The good news is my mother insisted that Stephen was far too obvious a name for anyone born on St Stephen’s Day, so my dad suggested naming me after a runner instead.
"Who?" she asked, which is when he remembered a close contemporary and his favourite Scottish distance runner, Ian Stewart.
Already a European champion from 1969, Stewart famously won the bronze medal over 5,000m the year after I was born, at the 1972 Munich Olympics, ahead of the American Steve Prefontaine, who had led for much of the race. Pre, as he was better known, was killed in a car crash three years later, and remains a properly legendary figure in American distance running.

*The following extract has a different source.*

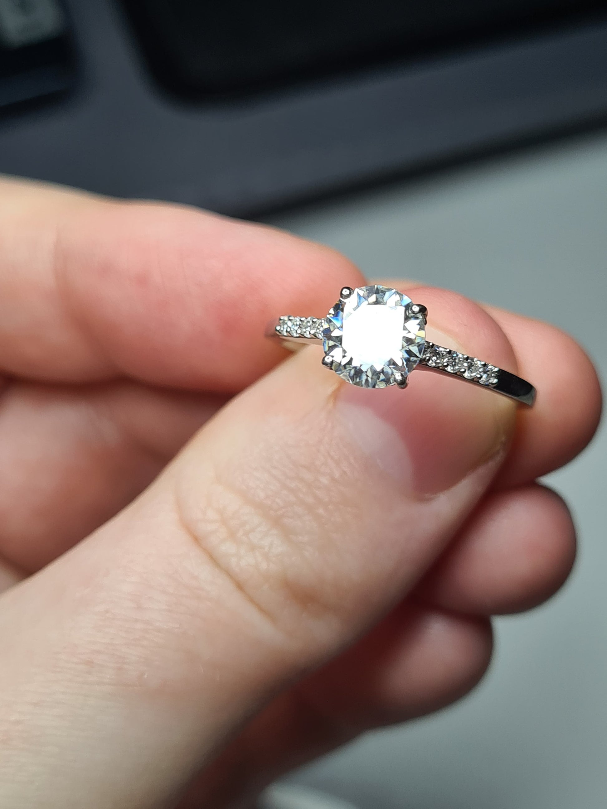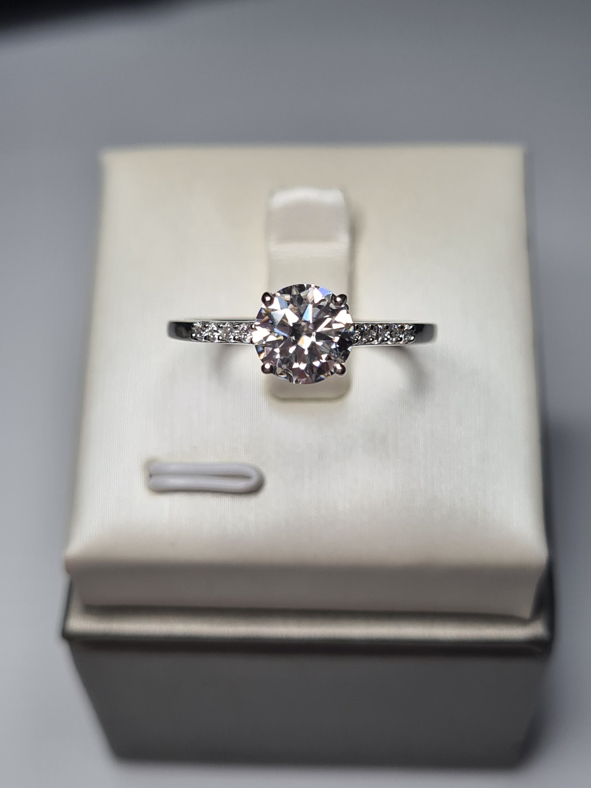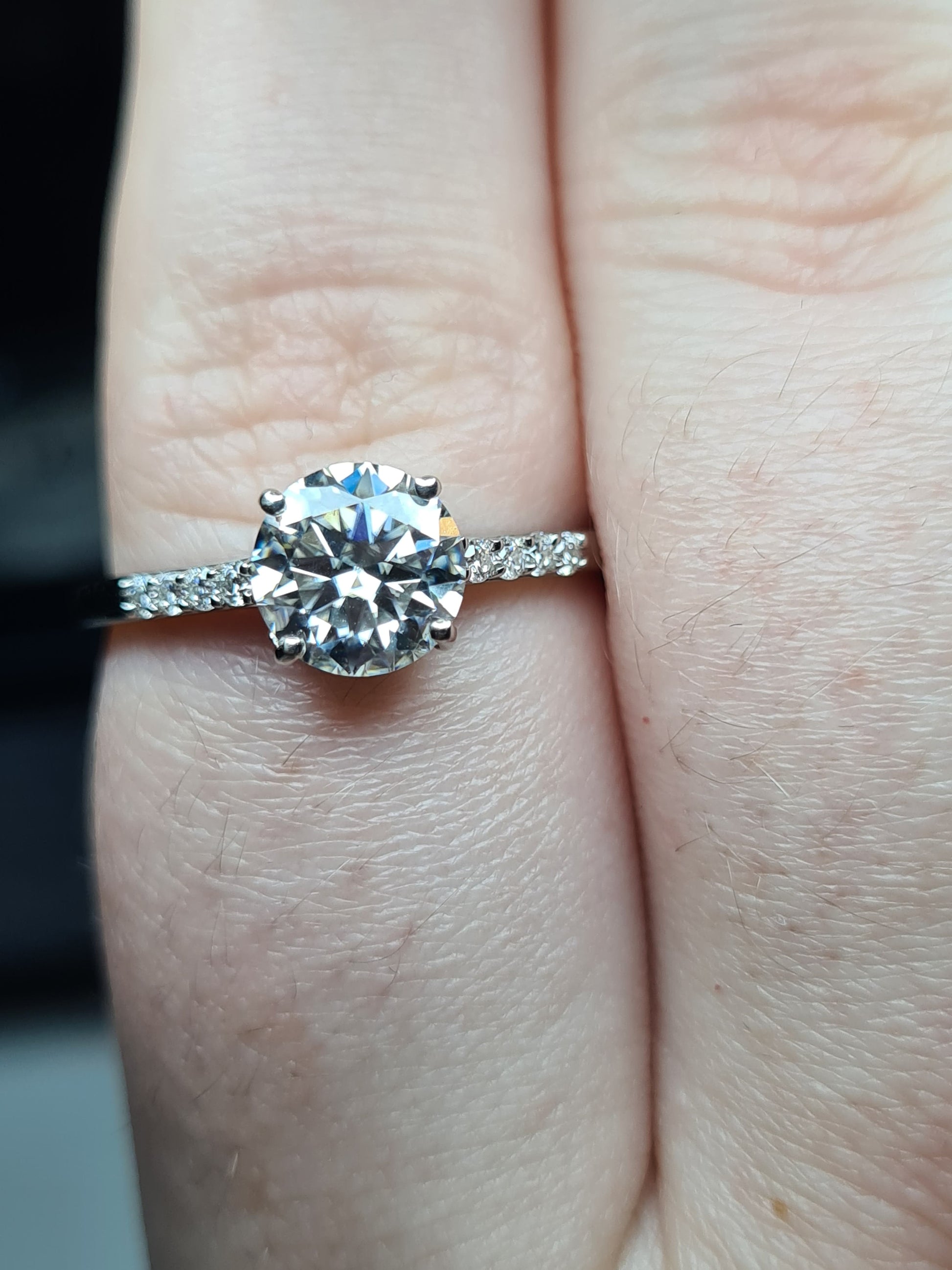 - Center Stone: Moissanite Round 7mm Faceted Cut (1.201ct).

Stewart never liked being reminded he was the man to deny Pre that bronze medal. I know that because I mentioned it when eventually meeting him, many years later, at a glitzy bar somewhere in Monte Carlo. It was at the 2001 IAAF awards, immediately post-9/11, when many people were still afraid to fly and some free invitations were still too good to turn down.
By then, Stewart had also gone on to win a European Indoor-World Cross-Country double in 1975, and when told I was named after him he insisted with similar politeness that I buy him a drink; which of course I did, burning a deep hole in my then shallow wallet.
For many years growing up I didn’t particularly enjoy running, especially not on my birthday, and there were plenty of times too when anyone who liked to christen me the Son of The Runner was promptly reminded that I had a mother too you know.
There were plenty of other joys to being born on St Stephen’s Day, like getting to double the value of my Christmas presents, claiming they could count as a birthday present too, knowing full well no parent would leave their child empty-handed on their birthday.
It was also one St Stephen’s Day, turning 15, when my dad asked me to come along for a run around Belfield. It was one of those dark and damp December afternoons when leaving the house for any reason didn’t seem like a good idea, especially not on my birthday, but he promised to run easy, very easy, which he did, until maybe half a lap or so when he was already two strides clear and running like it was 1971 all over again.
That was the same day which also brought the realisation of the suddenly inherent joy that comes with running, and every year since that St Stephen’s Day I’ve gone for a run, for a few years running the number of miles that directly equated my age, before my age started to run away from the number of miles. Nothing beats a run on your birthday to remind you of all that.